Homework Assignment 2 - Example Answers
Descriptive Statistics
The following provides the descriptive statistics for each part of the homework, as well as the final score of HW2:
Short-Answer Questions
True or False
- A data lake stores data in its raw, unaltered form and uses a schema-on-read approach. (True/False)
Answer: True
Explanation: A data lake does store data in its raw, unaltered form. It employs a schema-on-read approach, meaning the data’s structure is interpreted when it is accessed, not when it is stored. This allows for flexibility in analyzing data in various ways without predefined schemas.
- Apache Hadoop can natively process real-time streaming data without any extensions. (True/False)
Answer: False
Explanation: Apache Hadoop is primarily designed for batch processing of large data sets. It does not natively support real-time streaming data processing. To handle streaming data, extensions like Apache Spark Streaming or Apache Storm are used alongside Hadoop.
- The Extract, Transform, Load (ETL) process involves extracting data from multiple sources, transforming it into a suitable format, and loading it into a data warehouse. (True/False)
Answer: True
Explanation: The ETL process stands for Extract, Transform, Load. It involves: • Extracting data from various sources. • Transforming the data into a suitable format, which includes cleaning and integrating data. • Loading the transformed data into a data warehouse for analysis.
- Data marts are subsets of data warehouses that are focused on specific business areas or departments. (True/False)
Answer: True
Explanation: A data mart is a focused subset of a data warehouse, tailored for the specific needs of a particular business area or department. This allows teams to access relevant data more efficiently without sifting through the entire data warehouse.
- ‘Structured data’ refers to data that is not organized in a predefined manner and comes from sources like social media, emails, and videos. (True/False)
Answer: False
Explanation: Structured data is highly organized and formatted in a way so it’s easily searchable in relational databases (e.g., tables with rows and columns). Data from social media, emails, and videos are examples of unstructured data, which lacks a predefined data model.
Multiple Choice
Which of the following is NOT one of the five key characteristics of big data (the 5 V’s)?
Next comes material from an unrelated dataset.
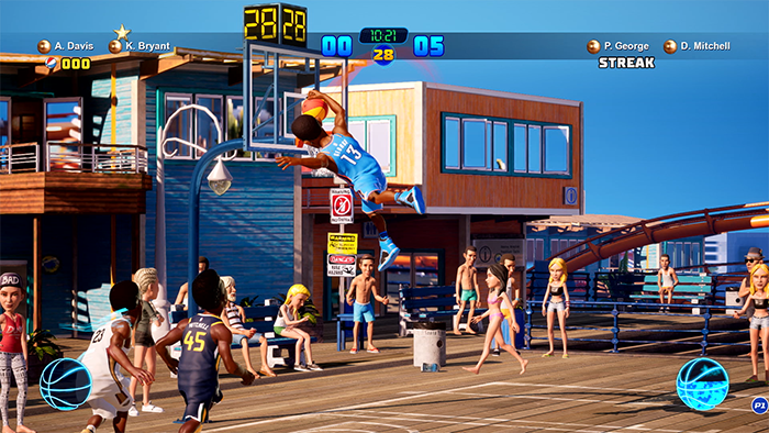 此外,本作将推出超过100个标志性动作,包括迈克尔-乔丹的罚球线起跳灌篮,乔治-格文的冰人挑篮和勒布朗-詹姆斯的单人空中接力。同时,本作将会提供众多全新的自定义物品,包括夹克,衬衣,裤子,短裤和球鞋。此外,NBA 2K欢乐竞技场2的音乐由众多顶级艺术家的授权音轨组成,包括Run The Jewels, Oddisee 和 DJ Premier.

• Volume • Variety • Validity • Velocity
Answer: Validity
Explanation: The traditional 5 V’s of big data are: 1. Volume: The amount of data. 2. Velocity: The speed of data processing. 3. Variety: The different types of data. 4. Veracity: The uncertainty of data. 5. Value: The usefulness of the data.
Validity is not traditionally included in the 5 V’s of big data.
In the context of data types, temperature measured in degrees Fahrenheit is an example of:
• Nominal Data • Ordinal Data • Interval Data • Ratio Data
Answer: Interval Data
Explanation: Interval data is numerical data where the intervals between values are meaningful, but there is no true zero point. Temperature in degrees Fahrenheit is interval data because zero degrees does not represent the absence of temperature, and differences between temperatures are consistent.
Which of the following best describes a ‘data mart’?
• A centralized repository for all data across an enterprise. • A subset of a data warehouse focused on a specific business line or team. • A collection of unstructured data stored in its raw form. • An open-source framework for distributed storage and processing of big data.
Answer: A subset of a data warehouse focused on a specific business line or team.
Explanation: A data mart is a smaller, more focused version of a data warehouse, designed to meet the needs of a specific business line or team. It contains a subset of the organization’s data relevant to a particular group.
Which of the following is a challenge associated with big data privacy concerns?
• Difficulty in finding information due to information overload • Extensive profiling and user tracking without explicit consent • Legal penalties for non-compliance with regulations • Integration complexity of diverse data sources
Answer: Extensive profiling and user tracking without explicit consent
Explanation: One of the major privacy concerns with big data is the potential for extensive profiling and user tracking without explicit consent, which can lead to misuse of personal information and breaches of privacy.
What is the primary function of the ‘Transform’ stage in the ETL process?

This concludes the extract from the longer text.